#### STUDY MATERIAL:
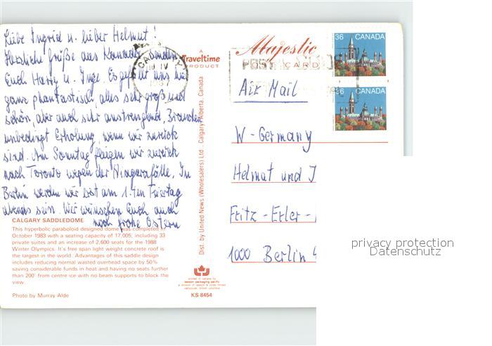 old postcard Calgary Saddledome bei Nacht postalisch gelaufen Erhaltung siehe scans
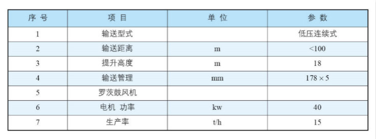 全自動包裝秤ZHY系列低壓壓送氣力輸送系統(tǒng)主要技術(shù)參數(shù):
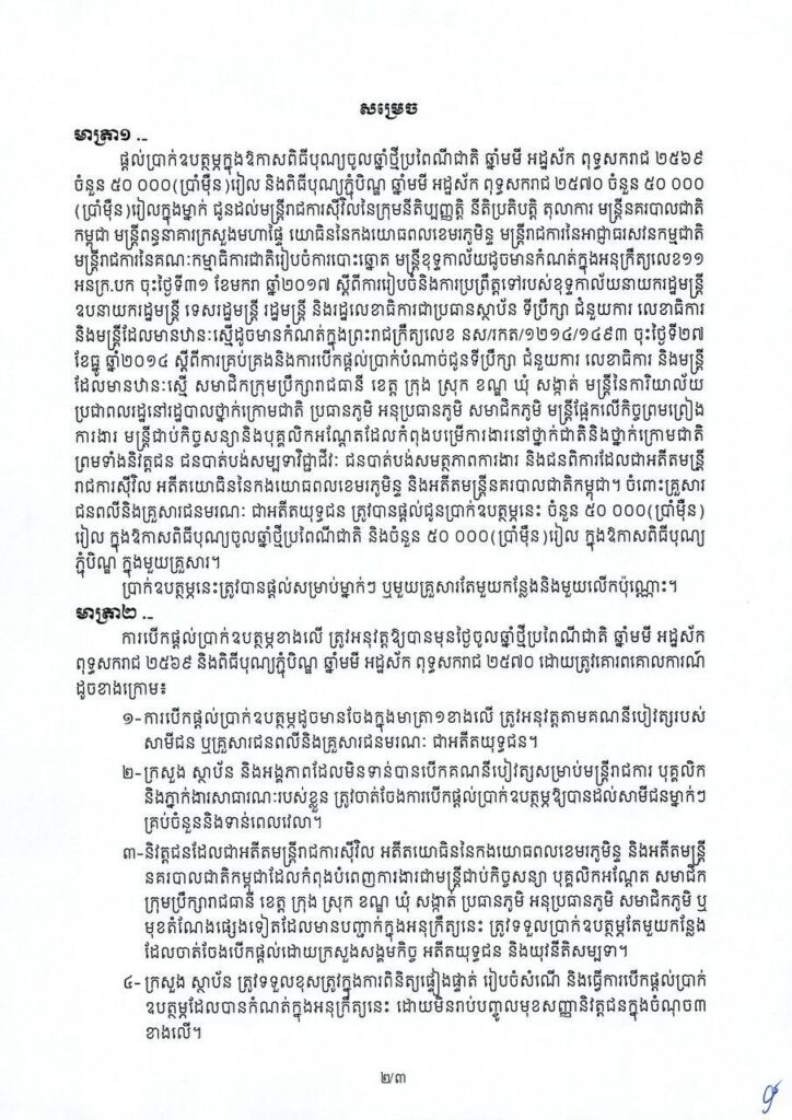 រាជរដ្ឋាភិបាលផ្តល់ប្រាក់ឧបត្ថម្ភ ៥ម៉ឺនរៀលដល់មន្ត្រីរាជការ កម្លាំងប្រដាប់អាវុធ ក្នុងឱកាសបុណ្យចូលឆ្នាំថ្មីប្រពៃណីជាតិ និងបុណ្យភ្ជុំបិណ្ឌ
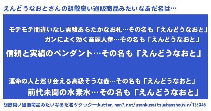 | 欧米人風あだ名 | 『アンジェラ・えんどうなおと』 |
---
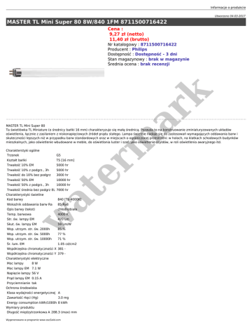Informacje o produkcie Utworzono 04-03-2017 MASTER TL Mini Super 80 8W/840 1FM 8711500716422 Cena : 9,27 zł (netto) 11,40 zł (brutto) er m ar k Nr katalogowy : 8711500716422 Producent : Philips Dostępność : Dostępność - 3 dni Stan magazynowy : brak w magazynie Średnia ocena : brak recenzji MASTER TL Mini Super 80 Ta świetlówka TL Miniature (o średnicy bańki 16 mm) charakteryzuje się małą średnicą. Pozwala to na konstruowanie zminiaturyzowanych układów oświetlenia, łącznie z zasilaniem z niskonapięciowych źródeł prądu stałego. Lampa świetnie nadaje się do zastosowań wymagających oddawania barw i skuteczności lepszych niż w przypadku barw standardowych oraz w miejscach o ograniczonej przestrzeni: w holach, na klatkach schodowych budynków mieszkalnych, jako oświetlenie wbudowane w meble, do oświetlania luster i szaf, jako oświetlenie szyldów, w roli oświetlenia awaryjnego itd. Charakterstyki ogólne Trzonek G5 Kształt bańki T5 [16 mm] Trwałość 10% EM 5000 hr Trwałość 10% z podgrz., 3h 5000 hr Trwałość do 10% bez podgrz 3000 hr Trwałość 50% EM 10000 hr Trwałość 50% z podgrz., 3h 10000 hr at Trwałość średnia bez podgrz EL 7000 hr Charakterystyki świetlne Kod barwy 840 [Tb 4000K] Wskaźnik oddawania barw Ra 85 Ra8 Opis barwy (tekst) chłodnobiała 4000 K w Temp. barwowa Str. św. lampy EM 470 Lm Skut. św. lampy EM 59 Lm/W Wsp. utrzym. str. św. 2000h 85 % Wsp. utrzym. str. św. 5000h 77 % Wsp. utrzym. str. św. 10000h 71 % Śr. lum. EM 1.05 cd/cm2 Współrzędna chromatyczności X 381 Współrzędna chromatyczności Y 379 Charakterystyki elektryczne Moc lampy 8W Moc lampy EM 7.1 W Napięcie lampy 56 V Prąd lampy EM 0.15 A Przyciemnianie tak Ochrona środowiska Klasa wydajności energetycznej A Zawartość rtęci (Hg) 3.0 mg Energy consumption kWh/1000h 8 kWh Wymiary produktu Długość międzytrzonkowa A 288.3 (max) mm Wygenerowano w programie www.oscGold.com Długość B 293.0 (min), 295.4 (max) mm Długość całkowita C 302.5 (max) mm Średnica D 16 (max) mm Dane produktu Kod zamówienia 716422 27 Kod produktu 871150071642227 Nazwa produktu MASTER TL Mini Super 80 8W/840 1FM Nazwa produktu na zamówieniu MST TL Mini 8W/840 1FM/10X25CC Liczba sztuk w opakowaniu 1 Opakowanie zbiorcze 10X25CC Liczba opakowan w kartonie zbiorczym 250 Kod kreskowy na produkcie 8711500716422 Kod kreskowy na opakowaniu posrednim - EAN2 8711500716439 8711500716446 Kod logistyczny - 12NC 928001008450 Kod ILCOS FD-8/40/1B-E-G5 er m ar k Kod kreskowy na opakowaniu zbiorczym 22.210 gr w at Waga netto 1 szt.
* * *
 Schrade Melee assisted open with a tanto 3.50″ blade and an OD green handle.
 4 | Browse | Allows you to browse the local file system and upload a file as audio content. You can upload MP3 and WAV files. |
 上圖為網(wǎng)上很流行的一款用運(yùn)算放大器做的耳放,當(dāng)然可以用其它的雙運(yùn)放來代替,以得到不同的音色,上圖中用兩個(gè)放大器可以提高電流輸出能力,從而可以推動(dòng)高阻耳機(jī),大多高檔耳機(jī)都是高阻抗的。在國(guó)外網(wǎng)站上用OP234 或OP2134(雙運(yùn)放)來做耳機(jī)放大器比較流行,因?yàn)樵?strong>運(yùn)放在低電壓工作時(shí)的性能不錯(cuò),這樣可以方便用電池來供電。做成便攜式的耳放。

#### WHAT THIS TASK INVOLVES:
Copy everything above from the line holding "old postcard Calgary" down to the line holding "欧米人風あだ名 | 『アンジェラ・えんどうなおと』 |", both ends included, exactly as it stands and without the pictures.

#### ANSWER SECTION:
 old postcard Calgary Saddledome bei Nacht postalisch gelaufen Erhaltung siehe scans
 全自動包裝秤ZHY系列低壓壓送氣力輸送系統(tǒng)主要技術(shù)參數(shù):
 រាជរដ្ឋាភិបាលផ្តល់ប្រាក់ឧបត្ថម្ភ ៥ម៉ឺនរៀលដល់មន្ត្រីរាជការ កម្លាំងប្រដាប់អាវុធ ក្នុងឱកាសបុណ្យចូលឆ្នាំថ្មីប្រពៃណីជាតិ និងបុណ្យភ្ជុំបិណ្ឌ
 | 欧米人風あだ名 | 『アンジェラ・えんどうなおと』 |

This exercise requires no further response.